• **What you need to do**
An exact restatement is required. Cover only the lines of the records from the first through the line with "Este documento apresenta", and skip pictures.

• **Given records**
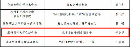 近日,2024年度浙江省高校思政微课大赛落下帷幕。本次大赛由共青团浙江省委、浙江省教育厅、浙江省学生联合会共同主办,旨在通过思政微课的形式深化团员青年对红色教育、发展成就和青春奉献的理解。大赛自今年3月启动以来,共有来自全省107所高校的621位选手报名参赛,经过激烈角逐,小黄书 李少华老师的作品《从半条被子到幸福日子》荣获教师组三等奖,乐霁娴同学的作品《八八战略卷千浪,勇立潮头逐梦大桥》荣获学生组三等奖。
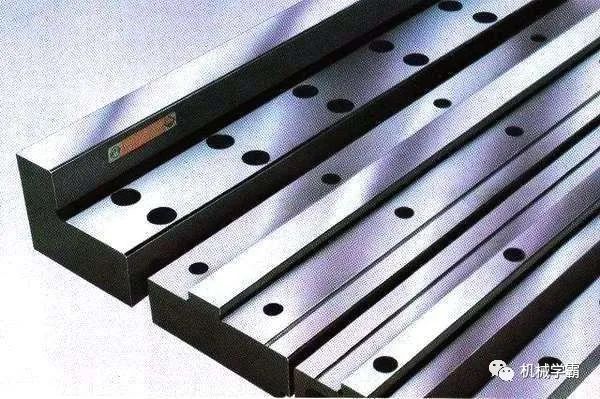 機(jī)床上常用的導(dǎo)軌形式是鑲鋼導(dǎo)軌,它的使用已有很長的歷史。鑲鋼導(dǎo)軌是導(dǎo)軌系統(tǒng)的固定元件,其截面為矩形。它可水平裝在機(jī)床的床身上,也可以與床身鑄成一體,分別被稱為鑲鋼式或整體式。鑲鋼式導(dǎo)軌是由鋼制成的,經(jīng)淬硬和磨削。
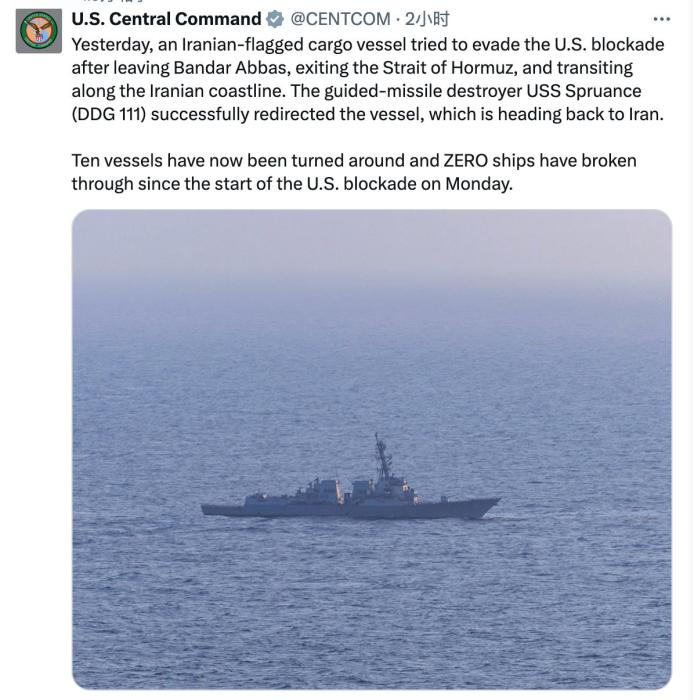 美軍中央司令部表示,自13日美軍開(kāi)始實(shí)施封鎖以來(lái),已有10艘船只被勒令返航,尚無(wú)船只突破封鎖。
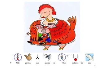 Este documento apresenta 19 diferentes tipos de mães animais, descrevendo brevemente os seus comportamentos maternos, como a galinha que guarda os filhos debaixo da asa, a formiga que só pensa no trabalho, e a borboleta que esvoaça exibindo sua beleza. No final, pergunta ao leitor como é sua própria mãe e o convida a desenhá-la.
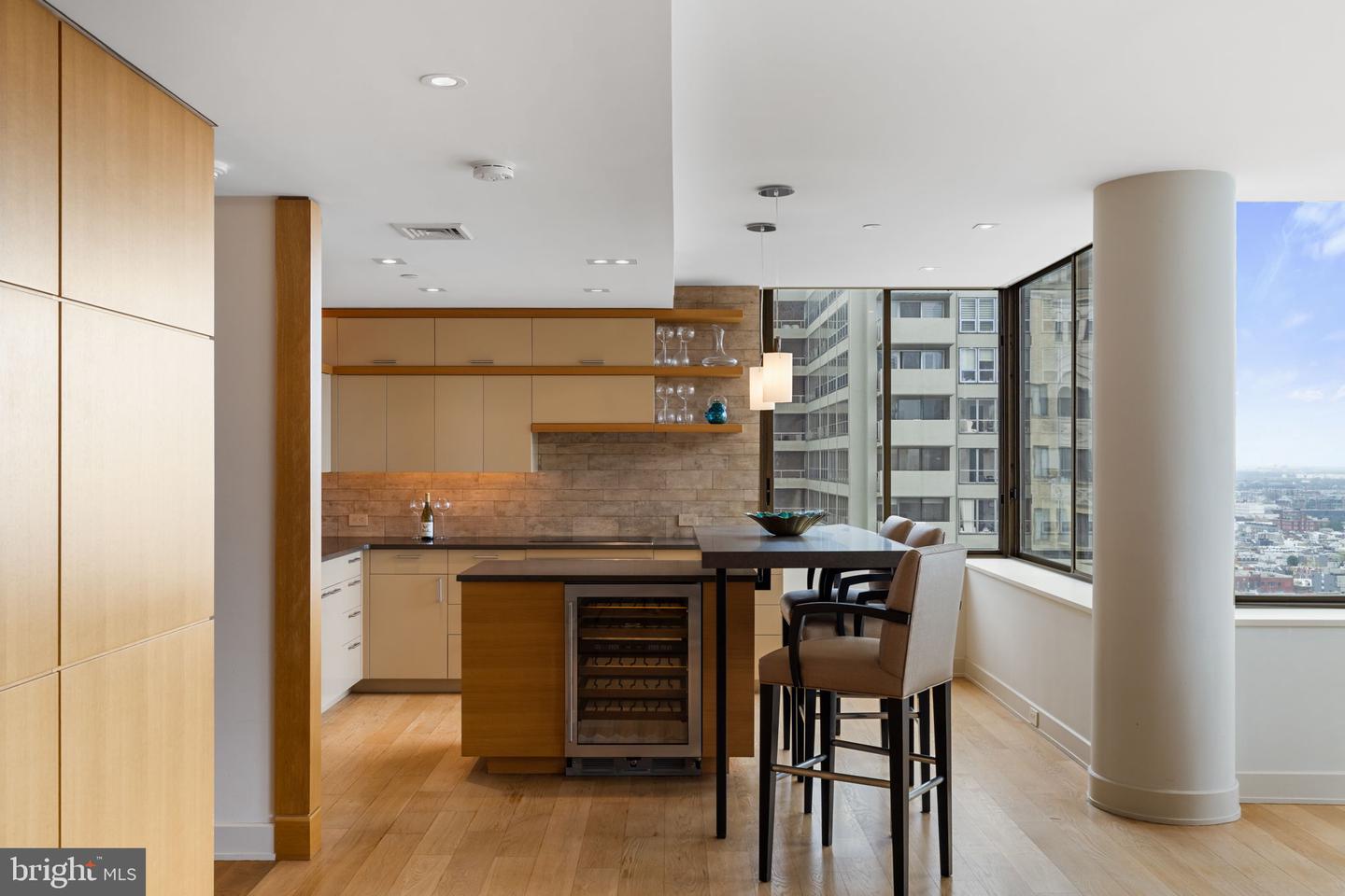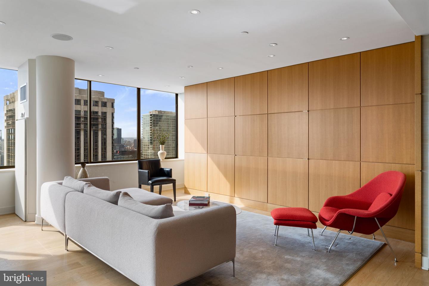 NEW LISTING! Welcome to Residence 2201, an exceptional, one-of-a-kind build by Shay Construction, located in The Rittenhouse Hotel and Condominium! Unmatched attention to detail and elevated finishes of this exquisite two bedroom, 2,5 bath home make it an architectural gem. Designed by Spence and Kass of Kass Associates and Ellen Magen Interior Design, the residence seamlessly combines luxury and comfort, inviting you to experience an unparalleled lifestyle in one of Philadelphia's most desirable addresses. Step inside this 1,639 square-foot residence, and you'll immediately notice the superior craftsmanship and custom millwork. The open layout maximizes space and light, creating a bright and welcoming environment ideal for both relaxation and entertaining. The home is wrapped in oversized windows that capture the most sensational views of the sunset. Unwind in the expansive living area, which flows into the dining room and the state-of-the-art kitchen with tasteful custom cabinetry by Fab Dubrunfaut, sleek countertops, and premium appliances. Retreat to the tranquil primary suite, with a gracious sitting area, a walk-in closet, and a span of windows that highlight magnificent sweeping views of the city skyline. The luxurious en-suite travertine bathroom offers a spa-like escape, complete with a bespoke dual vanity and a large steam shower. Located on the opposite wing of the home is a sizable second bedroom (southern exposure) with its own en-suite bathroom and ample closet space. The 2nd bedroom can easily function as a home office or den. A hall powder room is conveniently positioned for guests. There are Lutron shades integrated throughout including blackout motorized curtains in the primary suite. You'll love having 3 exposures, multiple corners, the split bedroom design and ending each night with a sunset. Enjoy five star amenities at The Rittenhouse, including valet garage parking (additional fee), a chauffeur town car, housekeeping services, 24 hour lobby attendant, concierge, room service, pool, fitness center and luxury spa. Scarpetta, Lacroix restaurant and the Library Bar are also all at your doorstep! Pet friendly
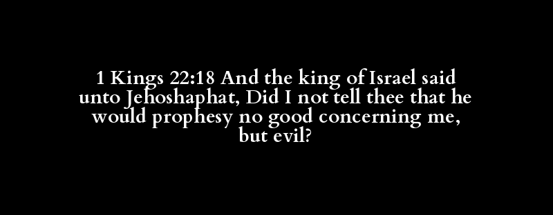 1 Kings 22:18 And the king of Israel said unto Jehoshaphat, Did I not tell thee that he would prophesy no good concerning me, but evil?
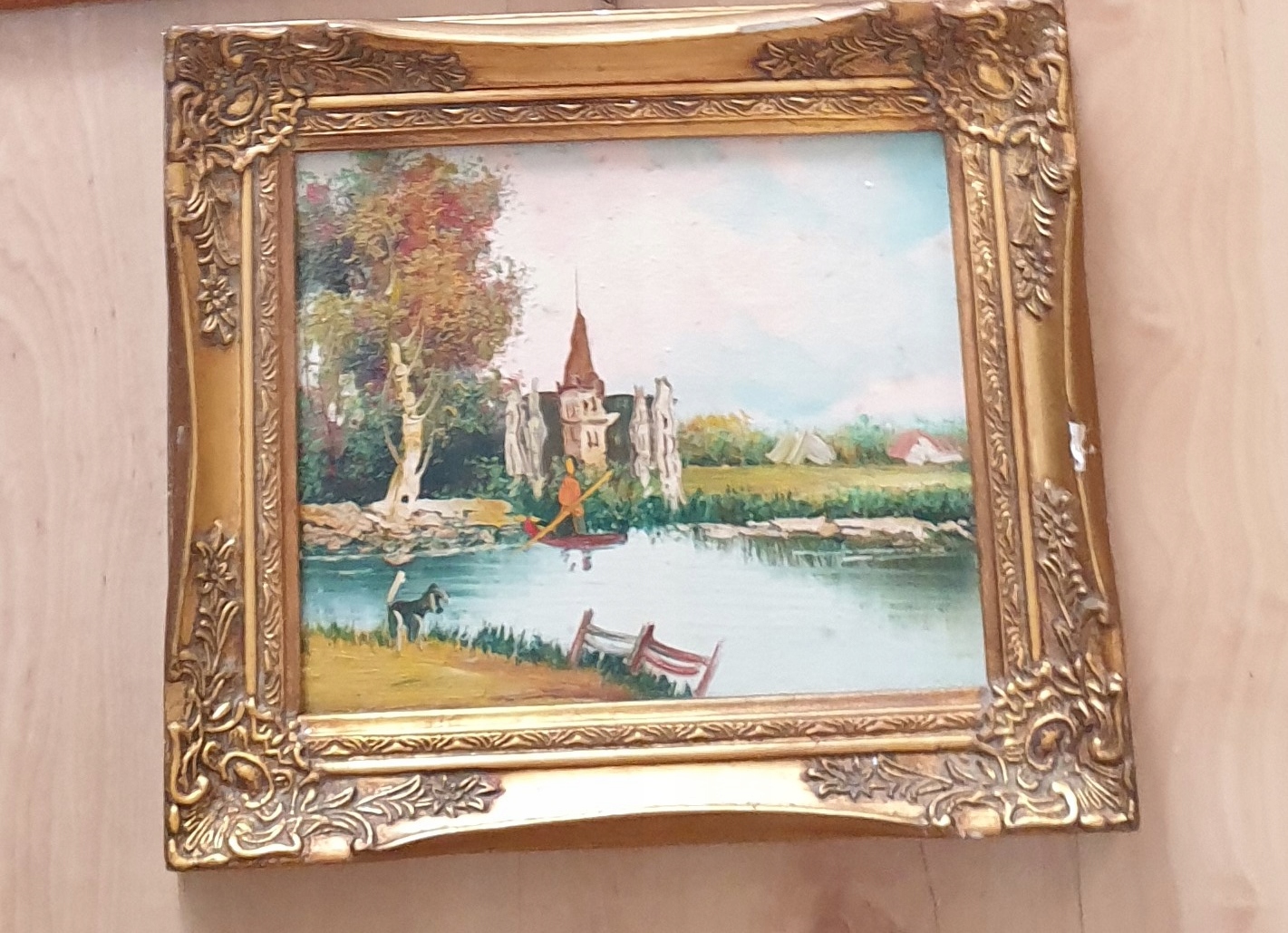DOM W LIKWIDACJI OBRAZ OLEJNY Z PRZEDSTAWIENIAMI KRAJOBRAZOWYMI
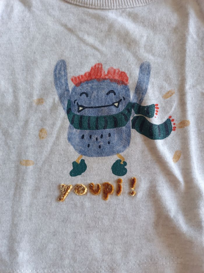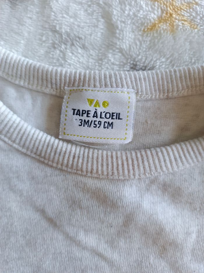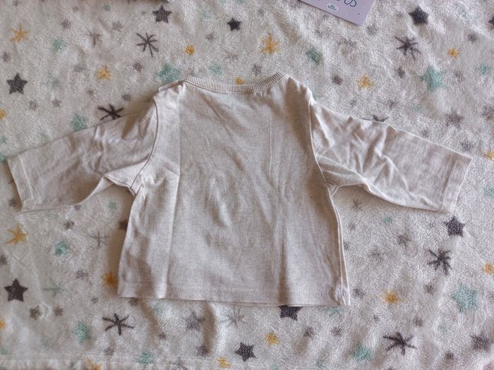 T-shirt à manches longues écru motif petit monstre. Tape à l'oeil, taille 3 mois. Porté 2 fois. 🐸 La peluche n'est pas à vendre 🐸 G46
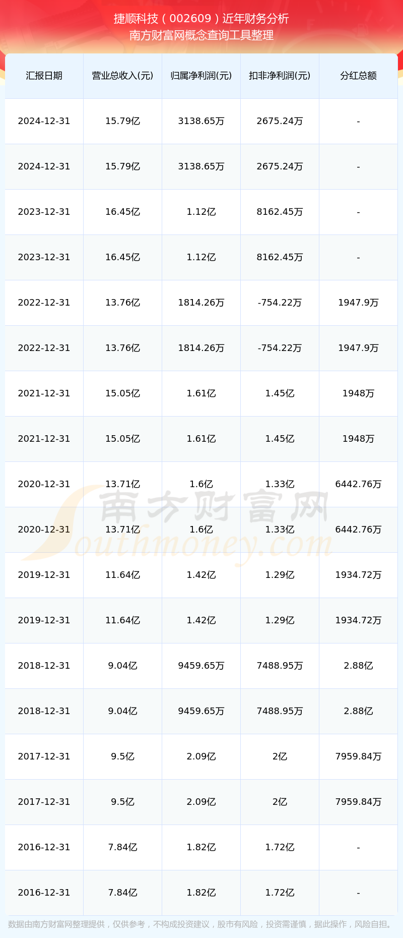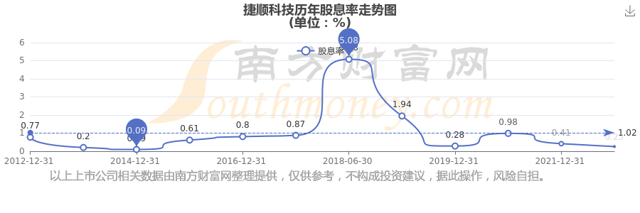 捷順科技?xì)v年分紅派息情況如下表所示:

• **Reply to the exercise**
 近日,2024年度浙江省高校思政微课大赛落下帷幕。本次大赛由共青团浙江省委、浙江省教育厅、浙江省学生联合会共同主办,旨在通过思政微课的形式深化团员青年对红色教育、发展成就和青春奉献的理解。大赛自今年3月启动以来,共有来自全省107所高校的621位选手报名参赛,经过激烈角逐,小黄书 李少华老师的作品《从半条被子到幸福日子》荣获教师组三等奖,乐霁娴同学的作品《八八战略卷千浪,勇立潮头逐梦大桥》荣获学生组三等奖。
 機(jī)床上常用的導(dǎo)軌形式是鑲鋼導(dǎo)軌,它的使用已有很長的歷史。鑲鋼導(dǎo)軌是導(dǎo)軌系統(tǒng)的固定元件,其截面為矩形。它可水平裝在機(jī)床的床身上,也可以與床身鑄成一體,分別被稱為鑲鋼式或整體式。鑲鋼式導(dǎo)軌是由鋼制成的,經(jīng)淬硬和磨削。
 美軍中央司令部表示,自13日美軍開(kāi)始實(shí)施封鎖以來(lái),已有10艘船只被勒令返航,尚無(wú)船只突破封鎖。
 Este documento apresenta 19 diferentes tipos de mães animais, descrevendo brevemente os seus comportamentos maternos, como a galinha que guarda os filhos debaixo da asa, a formiga que só pensa no trabalho, e a borboleta que esvoaça exibindo sua beleza. No final, pergunta ao leitor como é sua própria mãe e o convida a desenhá-la.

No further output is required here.